General Discussion
In reply to the discussion: Of Course Americans are BROKE [View all]Metaphorical
(2,549 posts)Set an arbitrary minimum limit, such as $1M per year which incurs no taxes, certain exemptions (first house for instance), with progressively higher tax brackets as spending increases. Apply the same principle to corporations - if they buy a CEO contract, they will have to pay the taxes on that contract, while spending per employee starts to incur taxes above $250,000 a year including compensation. Taxes are paid within the seller's jurisdiction.
The idea is simple - the notion of an income tax by itself is regressive because it penalizes savers - those who build capital - while rewarding spenders - those who consume capital. It also concentrates power because the biggest spenders usually end up with the most power. A spending tax forces corporations to invest into pools with no one investor being able to dominate that pool - you need to raise capital, then you need to create a community of investors to do so. 
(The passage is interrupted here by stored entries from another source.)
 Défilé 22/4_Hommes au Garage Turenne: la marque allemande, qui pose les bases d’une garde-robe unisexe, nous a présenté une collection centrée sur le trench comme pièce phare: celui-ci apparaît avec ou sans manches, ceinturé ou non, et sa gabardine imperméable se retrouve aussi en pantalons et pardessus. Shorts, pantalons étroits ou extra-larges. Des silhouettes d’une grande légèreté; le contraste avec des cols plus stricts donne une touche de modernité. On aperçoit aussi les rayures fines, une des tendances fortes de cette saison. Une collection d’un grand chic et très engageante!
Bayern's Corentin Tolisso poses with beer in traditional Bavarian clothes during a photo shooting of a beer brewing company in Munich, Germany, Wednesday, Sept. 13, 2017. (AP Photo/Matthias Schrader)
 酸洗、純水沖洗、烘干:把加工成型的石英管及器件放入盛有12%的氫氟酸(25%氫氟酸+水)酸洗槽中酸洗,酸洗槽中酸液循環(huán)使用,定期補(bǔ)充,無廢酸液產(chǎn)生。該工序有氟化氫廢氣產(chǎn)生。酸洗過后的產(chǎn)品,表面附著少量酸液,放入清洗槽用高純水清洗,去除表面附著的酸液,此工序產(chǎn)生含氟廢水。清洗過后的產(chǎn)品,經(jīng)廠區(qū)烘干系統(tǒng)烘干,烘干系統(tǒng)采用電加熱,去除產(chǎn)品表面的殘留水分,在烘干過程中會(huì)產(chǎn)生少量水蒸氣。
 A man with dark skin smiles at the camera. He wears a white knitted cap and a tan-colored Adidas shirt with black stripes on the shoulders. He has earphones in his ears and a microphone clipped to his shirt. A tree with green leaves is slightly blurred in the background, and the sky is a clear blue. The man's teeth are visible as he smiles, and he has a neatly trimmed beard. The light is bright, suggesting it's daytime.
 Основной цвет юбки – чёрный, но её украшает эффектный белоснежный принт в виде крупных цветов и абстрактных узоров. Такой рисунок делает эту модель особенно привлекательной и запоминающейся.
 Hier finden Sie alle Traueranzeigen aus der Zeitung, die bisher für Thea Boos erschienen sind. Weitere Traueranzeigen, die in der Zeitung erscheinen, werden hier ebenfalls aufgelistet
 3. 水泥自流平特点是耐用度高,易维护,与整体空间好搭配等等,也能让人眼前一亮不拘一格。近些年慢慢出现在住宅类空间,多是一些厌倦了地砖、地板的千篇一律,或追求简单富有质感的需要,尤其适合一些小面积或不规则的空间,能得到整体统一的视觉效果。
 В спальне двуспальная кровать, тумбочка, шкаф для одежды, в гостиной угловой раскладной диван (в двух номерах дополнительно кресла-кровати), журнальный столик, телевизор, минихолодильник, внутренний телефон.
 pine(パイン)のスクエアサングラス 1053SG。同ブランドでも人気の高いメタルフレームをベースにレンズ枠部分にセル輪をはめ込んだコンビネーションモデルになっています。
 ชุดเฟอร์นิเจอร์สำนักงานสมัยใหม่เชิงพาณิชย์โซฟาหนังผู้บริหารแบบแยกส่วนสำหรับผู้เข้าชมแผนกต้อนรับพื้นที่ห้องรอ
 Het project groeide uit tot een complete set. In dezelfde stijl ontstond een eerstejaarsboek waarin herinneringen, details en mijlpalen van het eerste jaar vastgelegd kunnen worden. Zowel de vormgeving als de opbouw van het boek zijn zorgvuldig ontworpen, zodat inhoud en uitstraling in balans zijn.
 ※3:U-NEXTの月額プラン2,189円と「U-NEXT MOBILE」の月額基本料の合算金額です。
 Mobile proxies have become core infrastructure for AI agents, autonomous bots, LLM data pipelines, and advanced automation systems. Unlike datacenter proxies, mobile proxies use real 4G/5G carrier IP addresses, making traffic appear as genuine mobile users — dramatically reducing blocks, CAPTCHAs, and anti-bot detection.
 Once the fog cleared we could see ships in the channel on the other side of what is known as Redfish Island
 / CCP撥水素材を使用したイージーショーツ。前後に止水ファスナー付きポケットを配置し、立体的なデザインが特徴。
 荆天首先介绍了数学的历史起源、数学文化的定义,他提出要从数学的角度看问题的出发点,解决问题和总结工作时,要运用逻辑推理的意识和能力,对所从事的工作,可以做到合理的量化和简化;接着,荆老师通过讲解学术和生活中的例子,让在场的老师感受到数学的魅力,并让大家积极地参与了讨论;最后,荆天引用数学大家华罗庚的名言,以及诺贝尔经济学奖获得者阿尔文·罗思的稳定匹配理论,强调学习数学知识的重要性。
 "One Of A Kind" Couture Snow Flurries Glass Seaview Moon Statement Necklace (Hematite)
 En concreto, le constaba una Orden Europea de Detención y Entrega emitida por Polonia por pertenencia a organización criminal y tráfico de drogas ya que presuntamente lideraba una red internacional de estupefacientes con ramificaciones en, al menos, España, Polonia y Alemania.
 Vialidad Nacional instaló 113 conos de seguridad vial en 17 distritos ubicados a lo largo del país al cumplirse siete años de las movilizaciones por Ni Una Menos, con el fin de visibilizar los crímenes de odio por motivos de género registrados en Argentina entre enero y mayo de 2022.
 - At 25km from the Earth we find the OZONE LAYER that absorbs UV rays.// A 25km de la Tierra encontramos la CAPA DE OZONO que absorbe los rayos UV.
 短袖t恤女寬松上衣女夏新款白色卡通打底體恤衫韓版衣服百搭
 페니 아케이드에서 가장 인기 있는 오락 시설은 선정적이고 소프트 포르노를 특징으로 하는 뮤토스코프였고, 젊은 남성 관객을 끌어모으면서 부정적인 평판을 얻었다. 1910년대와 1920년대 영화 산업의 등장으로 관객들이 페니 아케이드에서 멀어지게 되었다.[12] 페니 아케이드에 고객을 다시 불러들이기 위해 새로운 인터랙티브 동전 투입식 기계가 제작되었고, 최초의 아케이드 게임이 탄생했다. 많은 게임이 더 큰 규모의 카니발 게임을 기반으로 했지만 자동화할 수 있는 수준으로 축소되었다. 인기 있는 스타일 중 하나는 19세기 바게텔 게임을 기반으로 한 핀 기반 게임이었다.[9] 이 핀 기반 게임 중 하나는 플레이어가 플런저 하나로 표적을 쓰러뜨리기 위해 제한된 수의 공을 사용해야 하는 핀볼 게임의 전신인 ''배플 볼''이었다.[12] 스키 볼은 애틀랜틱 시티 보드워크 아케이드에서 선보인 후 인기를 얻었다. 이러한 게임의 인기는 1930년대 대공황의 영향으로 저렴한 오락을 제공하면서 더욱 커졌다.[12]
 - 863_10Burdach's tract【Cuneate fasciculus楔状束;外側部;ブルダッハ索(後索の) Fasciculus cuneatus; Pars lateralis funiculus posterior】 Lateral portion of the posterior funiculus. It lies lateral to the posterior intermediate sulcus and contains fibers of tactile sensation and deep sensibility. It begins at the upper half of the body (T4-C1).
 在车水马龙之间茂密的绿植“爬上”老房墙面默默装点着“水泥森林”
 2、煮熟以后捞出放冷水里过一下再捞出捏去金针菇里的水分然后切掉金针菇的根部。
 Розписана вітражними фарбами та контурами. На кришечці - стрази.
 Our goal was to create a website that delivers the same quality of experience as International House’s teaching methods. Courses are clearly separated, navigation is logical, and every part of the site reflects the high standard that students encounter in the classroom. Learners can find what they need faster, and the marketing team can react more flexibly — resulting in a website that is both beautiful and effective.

This may seem counterintuitive but I think the problem we're facing at the moment is we have too much capital investment by too few people, and we ironically have far more capital than is actually needed, given advances in technology. It also forces both people and corporates to save rather than to rely upon debt to capitalize a project. Day to day spending by most people is not affected, other than the fact that there isn't a frantic rush to spend on needless purchases because the system is geared towards spending.